Task to complete => The lines from the one with "3、点击屏幕下方的大帝按钮,可以查看已经召唤的大帝。" through the last line of the material below, copied exactly and free of pictures, make up the whole answer.

---------- Material provided

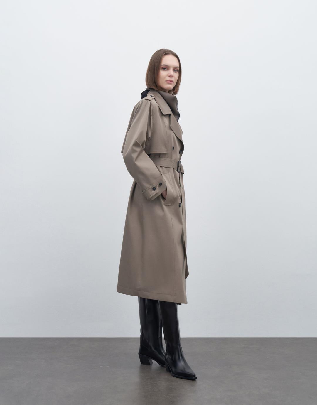 Fabric Content: 98% COTTON 2%EA Lining: 100%PES Product Details: Double Breasted Collar. Double buttoned. Long sleeve. Padded. Lined. With pockets and a belt. It has an oversize mold. It is recommended to choose 1 size smaller. Model Size: 36 Model Height: 1.78 The product on the model is size 38. Usage and Washing Instructions: – Dry clean. – Tumble drying is not done. – Bleach is not used. – Do not use with metal accessories. – It is a sensitive product.
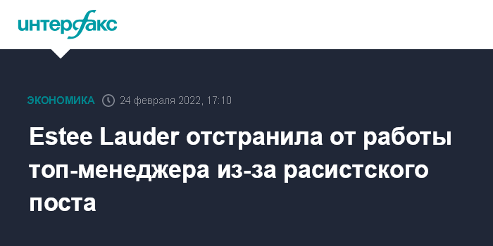 Москва. 24 февраля. INTERFAX.RU - Американский производитель косметики Estee Lauder Cos. Inc. временно отстранил от должности Джона Демзи, одного из президентов компании, из-за публикации в инстаграме, пишет Wall Street Journal.
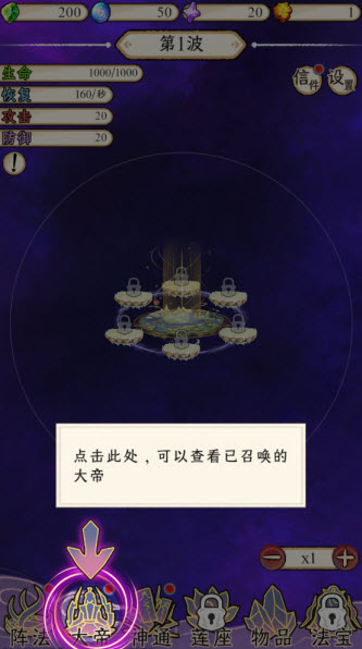 3、点击屏幕下方的大帝按钮,可以查看已经召唤的大帝。
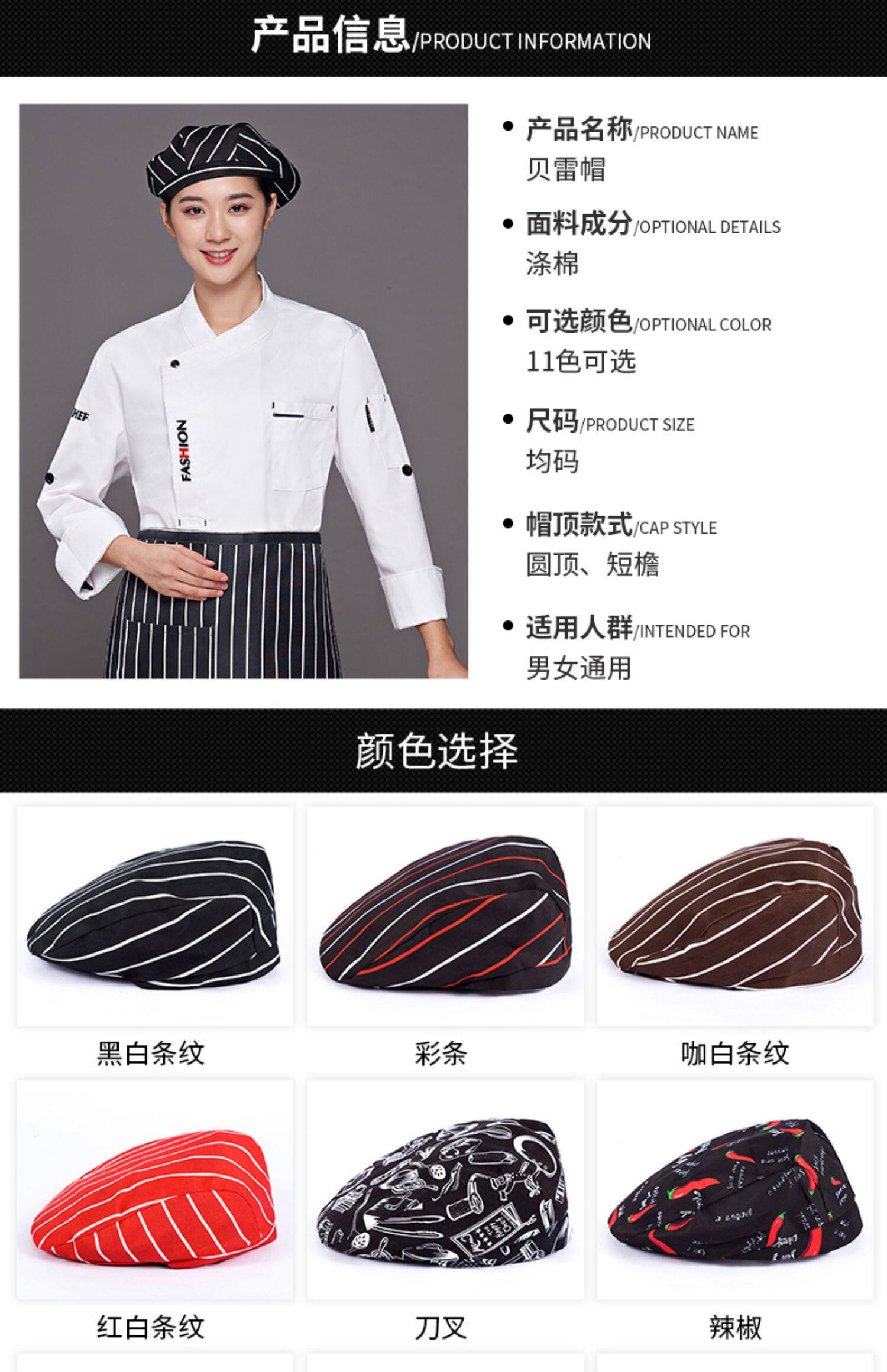 厨师帽子男工作帽白色蘑菇帽食品工厂餐饮厨房防油烟棉布帽女家用

--------------------

Expected output =>
 3、点击屏幕下方的大帝按钮,可以查看已经召唤的大帝。
 厨师帽子男工作帽白色蘑菇帽食品工厂餐饮厨房防油烟棉布帽女家用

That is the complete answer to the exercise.